Loading in each CSV data source into relevant dataframes
In a now removed one-time step, I loaded in all tracking data and filtered out all player-play records for players that aren't cornerbacks or wide receivers, and saved these datasets to new CSV files. I don't need those rows, but they make up the vast majority of these CSV files, greatly slowing down my notebook's performance at best and causing my notebook to crash at worst. Removing these non WR/CB records resolved this.

In [49]:
plays = pd.read_csv('/kaggle/input/big-data-bowl-25/plays.csv')
games = pd.read_csv('/kaggle/input/big-data-bowl-25/games.csv')
player_play = pd.read_csv('/kaggle/input/big-data-bowl-25/player_play.csv')
players = pd.read_csv('/kaggle/input/big-data-bowl-25/players.csv')

default_path = '/kaggle/input/big-data-bowl-25/'
tracking_csvs = ['tracking_full_cb_pre_snap.csv', 'tracking_full_wr_pre_snap.csv']
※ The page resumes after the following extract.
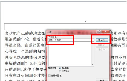 第2步,打开“书签”对话框,在“书签名”编辑框中输入书签名称(书签名只能包含字母和数字,不能包含符号和空格),并单击“添加”按钮即可,如图所示。

#Loading 2 files into 1 dataframe
tracking_list = [pd.read_csv(default_path + file) for file in tracking_csvs]
tracking_full = pd.concat(tracking_list, ignore_index=True)

pd.set_option('display.max_columns', None)

This section includes "housekeeping" steps; I created player datasets containing CBs, WRs, and QBs, to help later on down the line. I also created a universal player ID column (univ_id) which I leaned on heavily in this project. This column represents each play in every game, and is needed because playId is not unique across games, whereas univ_id is. 

This section also creates the quarterback passing data dataframe for use in team passing aggregates, by filtering down to passing plays on which the ball was thrown, to play-lines that represent quarterbacks, and while creating a new feature to represent completed passes as a "catch".

In [50]:
CBs = players[(players['position'] == "CB")]
WRs =  players[(players['position'] == "WR")]
QBs = players[(players['position'] == "QB")]

#Creating a universal play ID, as playId is not unique between games, I want one value that represents every play uniquely and easily
player_play['univ_id'] = player_play['gameId'].astype(str) + player_play['playId'].astype(str)
plays['univ_id'] = plays['gameId'].astype(str) + plays['playId'].astype(str)
tracking_full['univ_id'] = tracking_full['gameId'].astype(str) + tracking_full['playId'].astype(str)

#plays_joined is a full dataset of every play from all 9 weeks, relevant_plays is a dataset containing only pass plays
plays_joined = player_play.join(plays.set_index('univ_id'), on='univ_id', how='inner', rsuffix='_play')
relevant_plays = plays_joined.dropna(subset=['passResult'])

qb_data = relevant_plays[relevant_plays['passResult'].isin(['C', 'I', 'IN'])]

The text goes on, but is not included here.